OMLT is an open-source research software package with contributors from Imperial, Carnegie Mellon University, and Sandia National Laboratories. OMLT is internationally successful research software with more than 15k downloads each month. OMLT won the 2022 COIN-OR CUP as the best contribution to open-source operations research software development. The OMLT research paper will appear in the Journal of Machine Learning Research. OMLT allows optimal decision-making over trained machine learning models. Applications include finding adversarial inputs and maximising trained acquisition functions.
Adi made his contributions as part of Imperial’s undergraduate research opportunities programme (UROP).
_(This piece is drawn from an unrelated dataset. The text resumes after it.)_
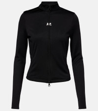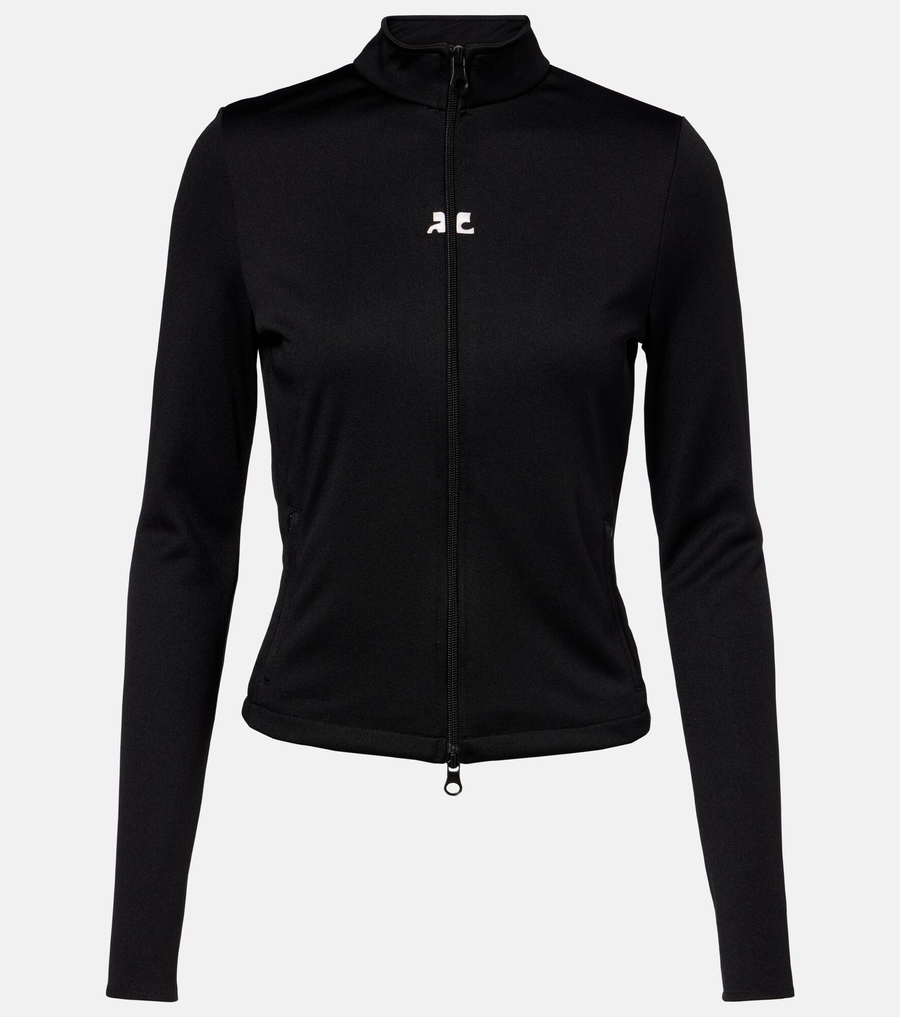 The futurist French fashion house Courreges is rocketing back into orbit with hyper-modern designs rooted in space-age influence. The Interlock jersey track jacket has a zipper that splits the middle of the embroidered logo. Product Details - Material: 100% polyester - Care instructions: machine wash at 30 degrees - Made in Tunisia - Designer color name: Black - Item color: black - Pocket lining: 100% polyester - Collar: mockneck - Closure: two-way zipped front - Pockets: zipped pockets - Item number: P01072198 Size & Fit - True to size - For a looser fit, we recommend taking one size up - Fitted - Non-stretchy fabric - Falls to the hip - The model seen in the picture is 178cm-5'10" and wearing a size XS
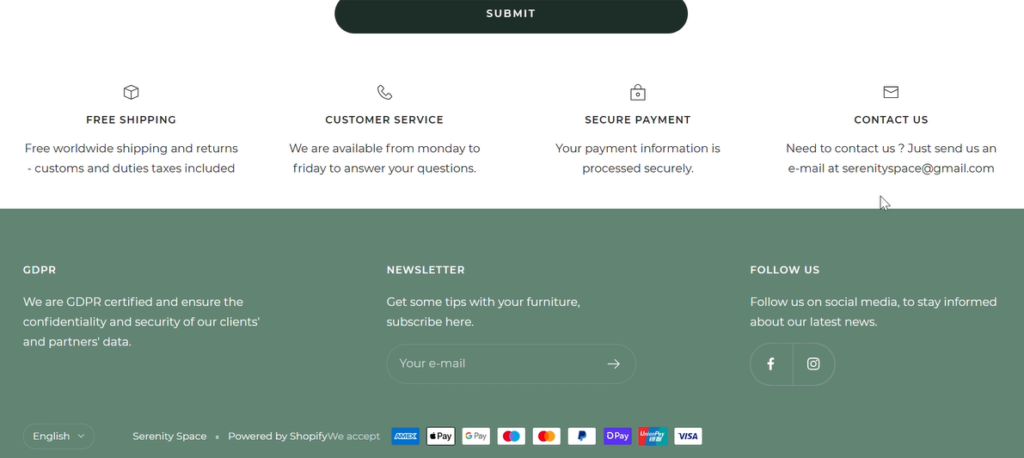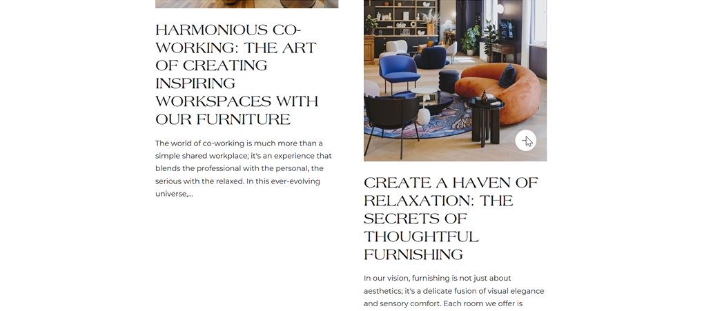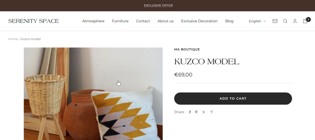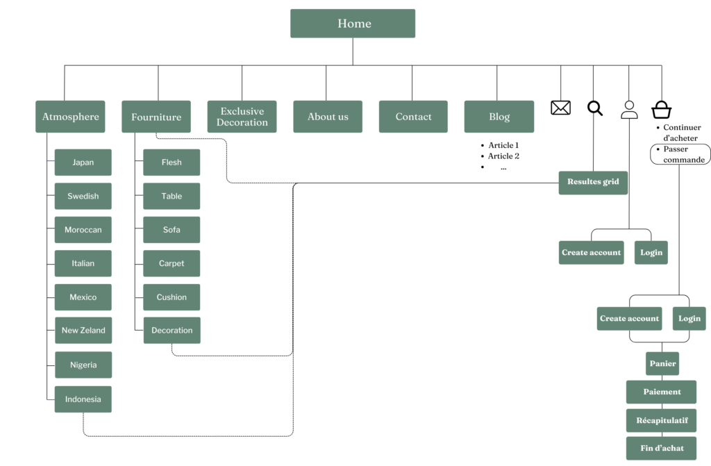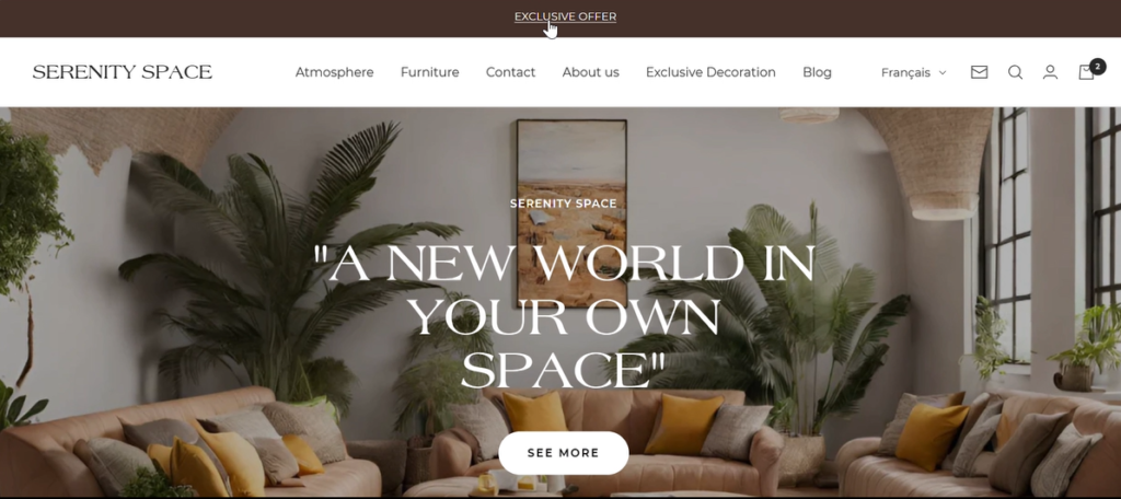 À partir du menu de navigation, les utilisateurs peuvent parcourir toutes les atmosphères (salles) ou explorer les meubles vendus à l’unité, lire des articles du blog ou en savoir plus sur Serenity Space. Ils peuvent s’inscrire à la newsletter gace au formulaire d’inscription et rechercher des articles par mot-clé grâce à la fonction recherche. Les utilisateurs peuvent aussi créer un compte et ainsi avoir accès à leur panier de commande.

Adi’s final result is a new OMLT feature that allows users to work with a special type of neural network structure called a max pooling layer. Dr Calvin Tsay, who reviewed Adi’s code before it was added to OMLT said “this contribution will open up new applications in widely-used image classification models.” Professor Ruth Misener, who supervised Adi’s UROP explained that “not only did Adi successfully implement state-of-the-art research technology before taking the prerequisite modules, but he also proved his work’s excellence to everyone on our team by developing effective testing examples.”
Professor Paul Kelly, the UROP champion in the Department of Computing said, “this is a wonderful result, I am so glad for both Adi’s individual success and the continuing success of the UROP programme.” Adi’s tutor Dr Anandha Gopalan added his congratulations with “this is brilliant and well-done Adi.”
For complete technical details on Adi’s work, see his contribution here.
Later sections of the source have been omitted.